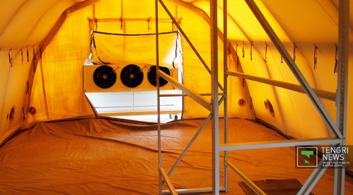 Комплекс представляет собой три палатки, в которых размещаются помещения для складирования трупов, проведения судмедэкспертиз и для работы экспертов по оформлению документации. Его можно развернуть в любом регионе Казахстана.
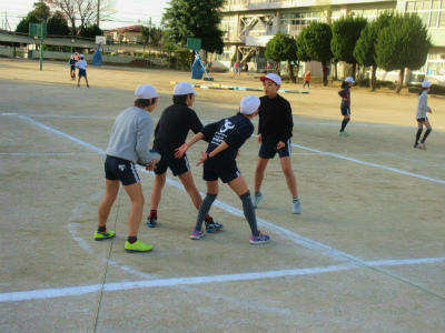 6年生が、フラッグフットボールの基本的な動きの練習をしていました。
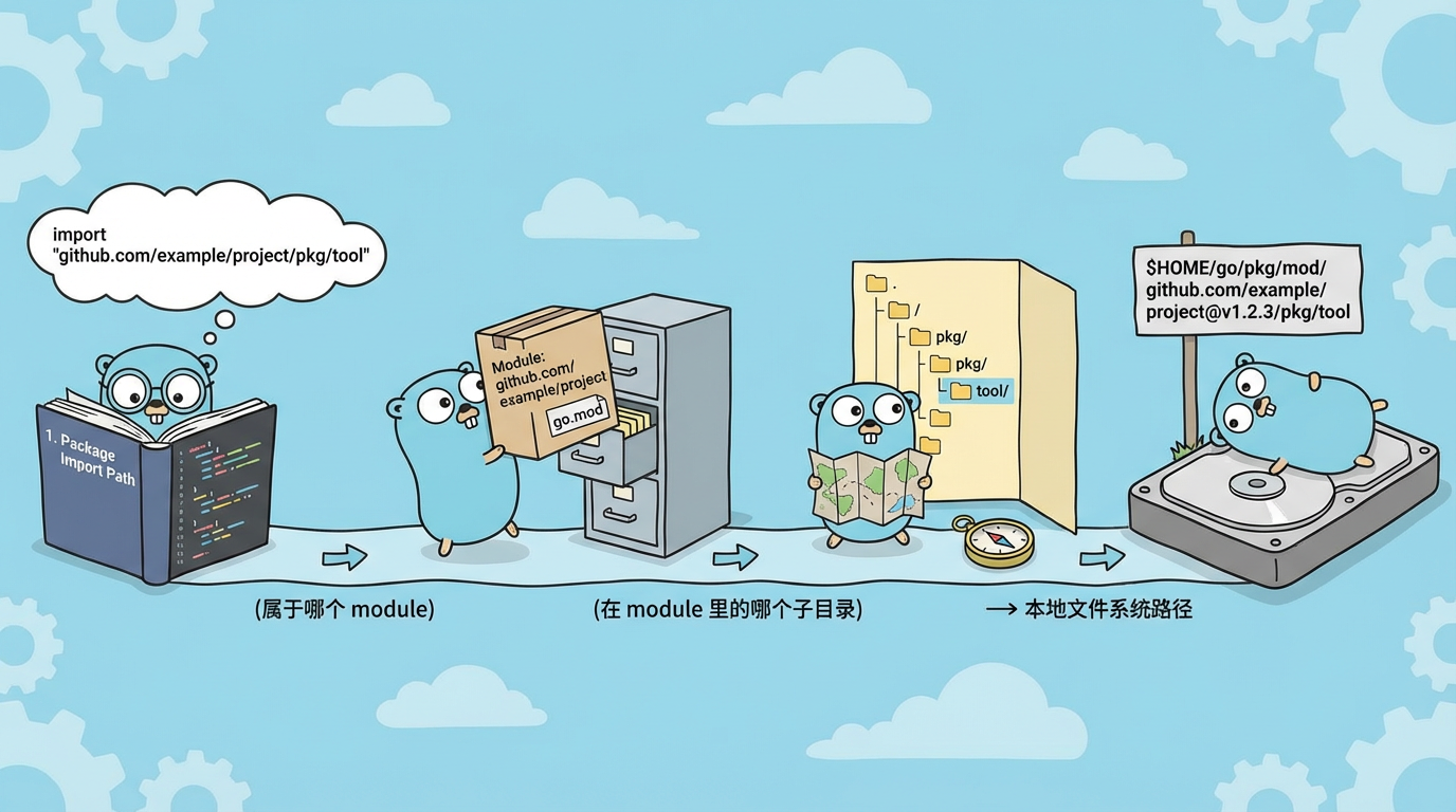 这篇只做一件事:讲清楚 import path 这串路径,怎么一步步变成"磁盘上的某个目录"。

==========

**Action item**
Everything in the listing above is to be given again exactly, apart from the pictures.

**Task answer**
 Комплекс представляет собой три палатки, в которых размещаются помещения для складирования трупов, проведения судмедэкспертиз и для работы экспертов по оформлению документации. Его можно развернуть в любом регионе Казахстана.
 6年生が、フラッグフットボールの基本的な動きの練習をしていました。
 这篇只做一件事:讲清楚 import path 这串路径,怎么一步步变成"磁盘上的某个目录"。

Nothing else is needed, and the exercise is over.